In the most audacious effort yet to impose environmental, social, and governance (ESG) standards throughout the U.S. economy, Biden administration appointees to the SEC have proposed a new federal rule, “The Enhancement and Standardization of Climate-Related Disclosures for Investors.” The proposal would require publicly traded companies to report on what it calls “Scope 3 emissions,” which are the result of activities from companies not owned or controlled by a publicly traded company but contribute to its value chain. This makes them fair game for the SEC’s climate disclosure rule, because they are embedded in public companies’ supply chain—even though they— farmers, ranchers, and small businesses—are not regulated by the SEC.

“While farmers and ranchers would not be required to report directly to the SEC, they supply almost every raw product that goes into the food supply chain,” the Western Ag Reporter recently pointed out.

Being Part of the Targeted Supply Chain

Farmers and ranchers may not have to report directly to the SEC, but they could find themselves forced to disclose their “climate emissions” to companies that are regulated by the SEC. This disturbing possibility is not lost on the American Farm Bureau’s Duvall.

“American families rely on farmers to put food on their table every day, and farmers are increasingly being asked to answer the growing call for nutrition from families around the globe. Higher costs, liabilities, and privacy issues will all create obstacles to reaching those goals,” Duvall said in a statement.

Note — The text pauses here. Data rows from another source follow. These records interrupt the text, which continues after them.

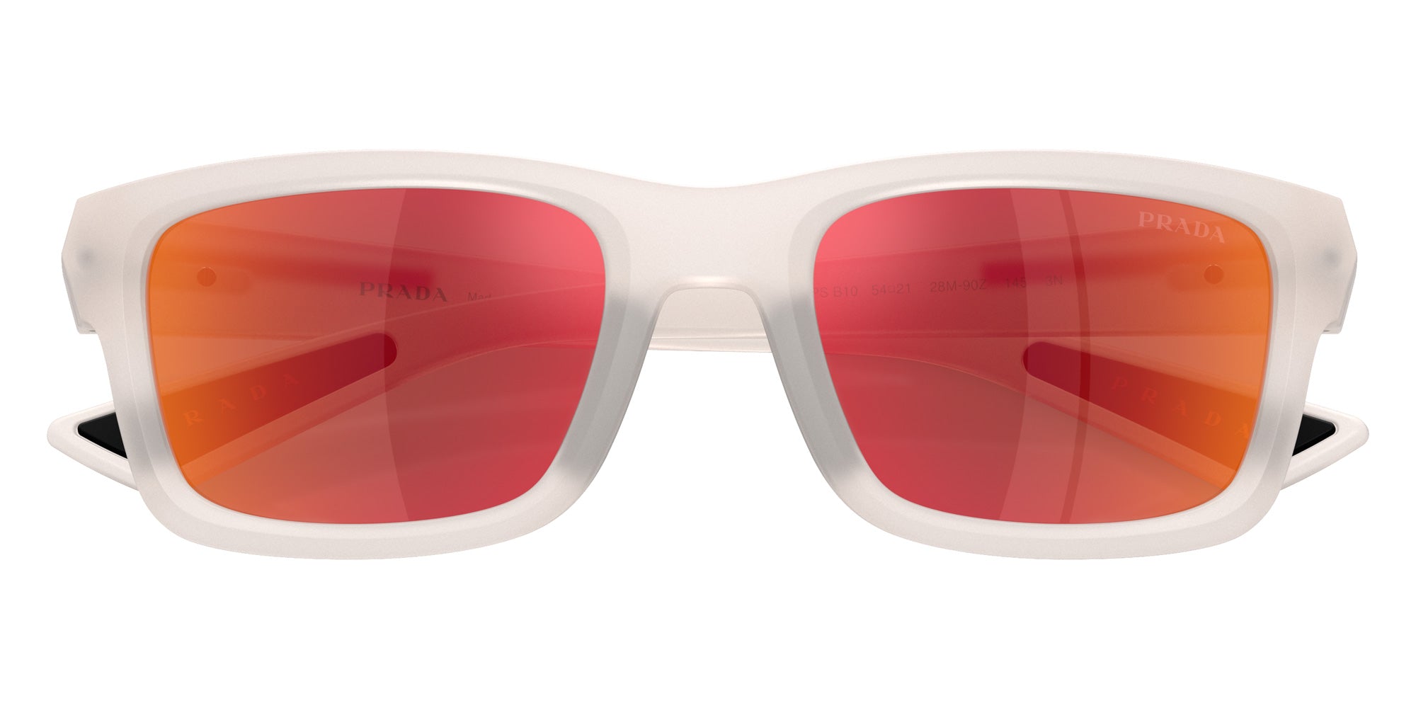 Frosted Crystal (28M90Z) Sunglasses with Brown Mirrored Orange lenses (PS B10S 28M90Z 54) by Prada Linea Rossa. Size: 54-21-145, Shape: Irregular, Material: Injected and Nylon.
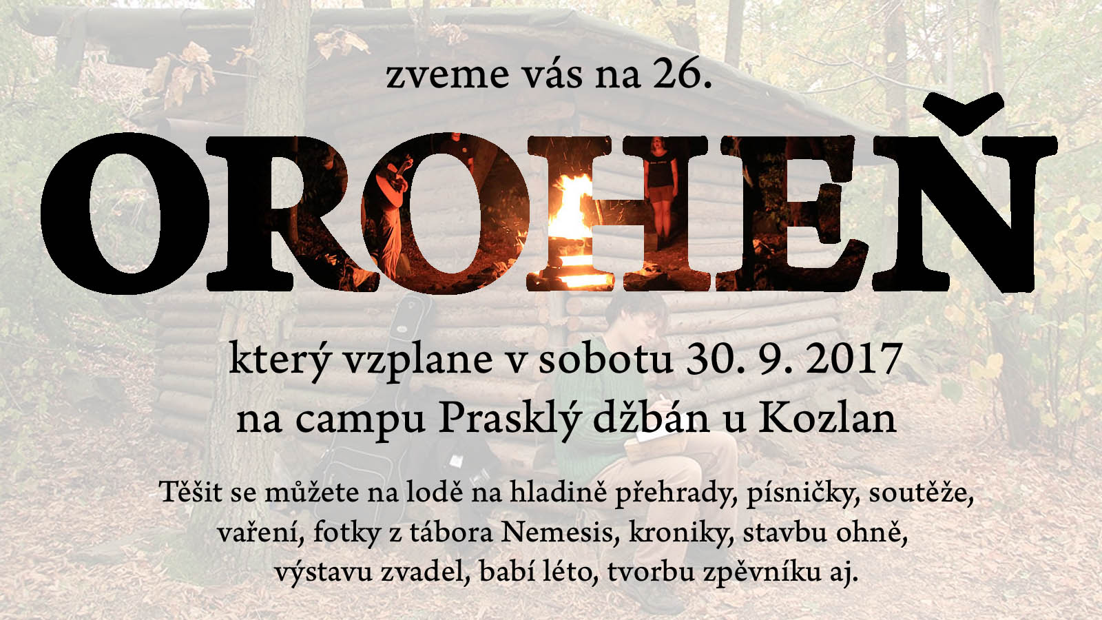 Letos již po 26. vás zveme na podzimní výroční oheň 143. KBS Orion z Adamova. Jako tradičně, vzplane v sobotu 30. září na campu Prasklý džbán na ostrově, kam můžete přijet lodí nebo sešplhat po skalách od vesničky Kozlany. Letos je také výjímečná možnost přicestovat parníkem.
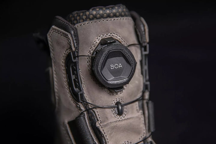 La tomaia in pelle premium è una finitura resistente all'acqua, eventi traspiranti impermeabili a secco, le suole in gomma a olio altamente legato/ resistenti a slittamento offrono prestazioni di picco di motociclisti, passi da sole in poliuretano a cella aperta, BA. Fit comodo, inserti dual d3o® forniscono copertura della caviglia, tappi di punta in gomma rinforzati, accenti di tallone riflettente e NUB dell'interfaccia Shifter
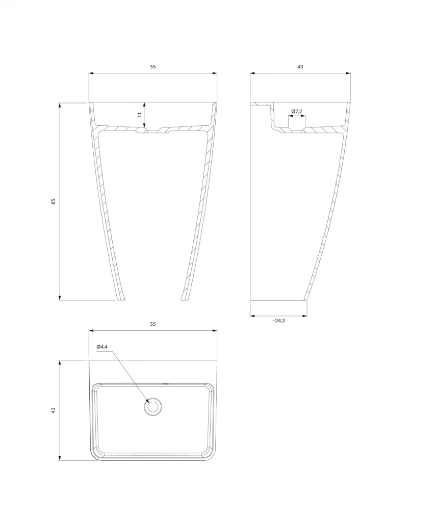 Voľne stojace umývadlo z kolekcie OMNIRES PARMA zaujme svojou geometrickou siluetou s jemnými zaobleniami. Zrezaný chrbát dokonale priľne k stene, vďaka čomu celé telo zaberie menej miesta. Umývadlo sa stane ústredným bodom kúpeľne a dodá interiéru osobitý charakter.

Small family farms simply do not have the resources to comply with the enormous paperwork burdens the proposed regulation would thrust upon them. Farmer Brown would have to disclose his farm’s greenhouse-gas emissions—carbon dioxide, methane, whatever—to grain suppliers or manufacturers of farm equipment that are regulated by the SEC. Such emissions are almost impossible to measure, requiring farmer Brown to engage in no small amount of guesswork. But if SEC bureaucrats determine that the emissions disclosures are inaccurate, farmer Brown could find himself the target of a federal investigation.

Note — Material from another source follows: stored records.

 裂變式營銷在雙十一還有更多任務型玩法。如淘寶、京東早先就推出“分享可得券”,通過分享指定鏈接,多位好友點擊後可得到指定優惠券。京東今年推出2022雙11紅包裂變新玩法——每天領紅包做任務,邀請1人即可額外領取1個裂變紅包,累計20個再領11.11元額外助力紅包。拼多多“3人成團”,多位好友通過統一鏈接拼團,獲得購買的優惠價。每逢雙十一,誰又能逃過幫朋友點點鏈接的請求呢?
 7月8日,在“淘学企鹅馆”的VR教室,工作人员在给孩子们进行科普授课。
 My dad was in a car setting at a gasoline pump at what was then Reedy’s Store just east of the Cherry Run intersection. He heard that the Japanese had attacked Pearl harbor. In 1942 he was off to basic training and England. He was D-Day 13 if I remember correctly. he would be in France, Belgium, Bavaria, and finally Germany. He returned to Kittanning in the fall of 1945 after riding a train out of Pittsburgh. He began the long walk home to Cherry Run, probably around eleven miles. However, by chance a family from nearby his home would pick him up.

The SEC’s climate-disclosure proposal comes at a time when farmers are coping with an acute shortage of fertilizer. Fertilizer is derived from natural gas, the production and distribution of which is being suppressed by the Biden administration’s climate policies. Skyrocketing fertilizer prices are contributing to rising food prices in supermarkets around the country. The same people who brought you the highest inflation rate in 40 years are now proposing an SEC regulation that will lead to more inflation.

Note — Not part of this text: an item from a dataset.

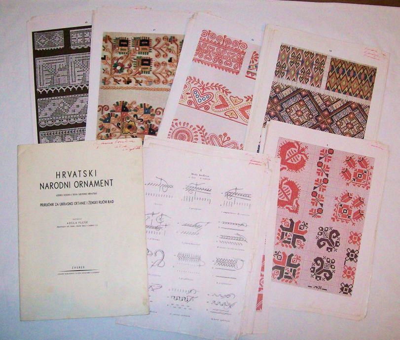 Uzorci vezova i tkiva sjevernog područja Nezavisne Države Hrvatske. Priručnik za ukrasno crtanje i ženski ručni rad. Dodatak tekstu su uzorci vezova i tkiva iz sjeverne Hrvatske (57 uzoraka).
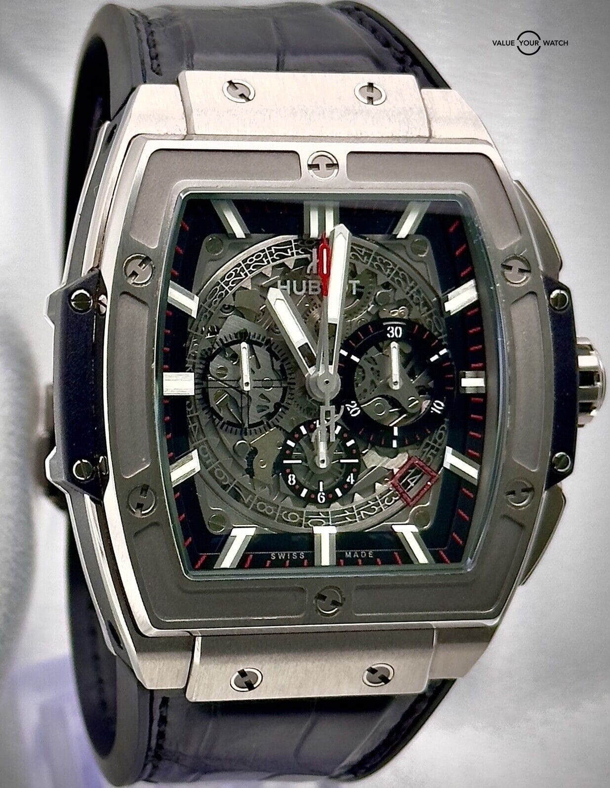 Step into a world of unparalleled sophistication with this Hublot Spirit of Big Bang, a testament to Hublot’s mastery in fusing elegance with cutting-edge functionality. This luxury timepiece is crafted from satin-finished and polished titanium, is accentuated by a striking black ceramic bezel, meticulously detailed with microblasting and held together with six signature H-shaped titanium screws.Key Features:Dial: Avant-garde skeleton dial protected by anti-reflective sapphire crystal, showcasing the precise HUB4700 automatic skeleton chronograph movement with a 50-hour power reserve.Case & Bezel: Robust ceramic case paired with a satin-finished, microblasted black ceramic bezel.2 Straps: Premium black alligator leather with a black titanium-coated titanium deployment clasp for a secure and stylish fit. White Rubber Strap with Athletic fit.Water Resistance: Up to 100 metersExceptional Value:Condition: Pristine, appears as new with minimal signs of wear, meticulously documented in the photographs provided.Included: Original packaging and warranty documentation to ensure authenticity and value.Pricing: Competitively priced between $25,000 and $30,000 retail, this Spirit of Big Bang is offered at an attractive rate, making it a standout addition to any collection.Additional Info: Original warranty activation date 04/2018. Open to discussions and potential trades as part of my dedication to the art of watch collecting.Investment Opportunity:This watch sets a new standard in luxury and engineering, rivaling prestigious brands like Richard Mille, yet is available at a fraction of the cost. Whether adding to a collection or starting a new one, this Hublot Spirit of Big Bang is not just a purchase but an investment in enduring style and mechanical mastery.Feel free to reach out for further details or to initiate a conversation about this exceptional timepiece.

Weaponizing the Financial Sector

The ESG madness—enthusiastically backed by the likes of investment firms BlackRock, State Street, and Vanguard—is a concerted effort to weaponize the financial sector to destroy certain industries—fossil fuels —to the benefit of others—renewable energy and electric vehicles, in which Wall Street is heavily invested. Leaving no stone unturned, Biden’s climate envoy, John Kerry, who has no expertise on the climate, is reported to be pressuring banks to refuse to make loans to US oil and gas companies, crippling their ability to raise production.

Inflation will be with us for some time, and this summer will see its share of power outages, as the electric grid struggles to absorb more intermittent wind and solar energy. And down the road? Look for a giant green energy bubble to grace us with its presence. There is practically no infrastructure for the millions of EVs we are assured will be on the road in a few years. And the prices for the materials that go into EV batteries—lithium, cobalt, copper, etc.—are going through the roof, as are the prices for some of the same materials that go into wind turbines and solar panels along with their backup batteries. You’ll see all this in the price of electricity, food, gasoline, and many other items.

Not to worry, though. The crowd that brought you the baby formula shortage is on top of it.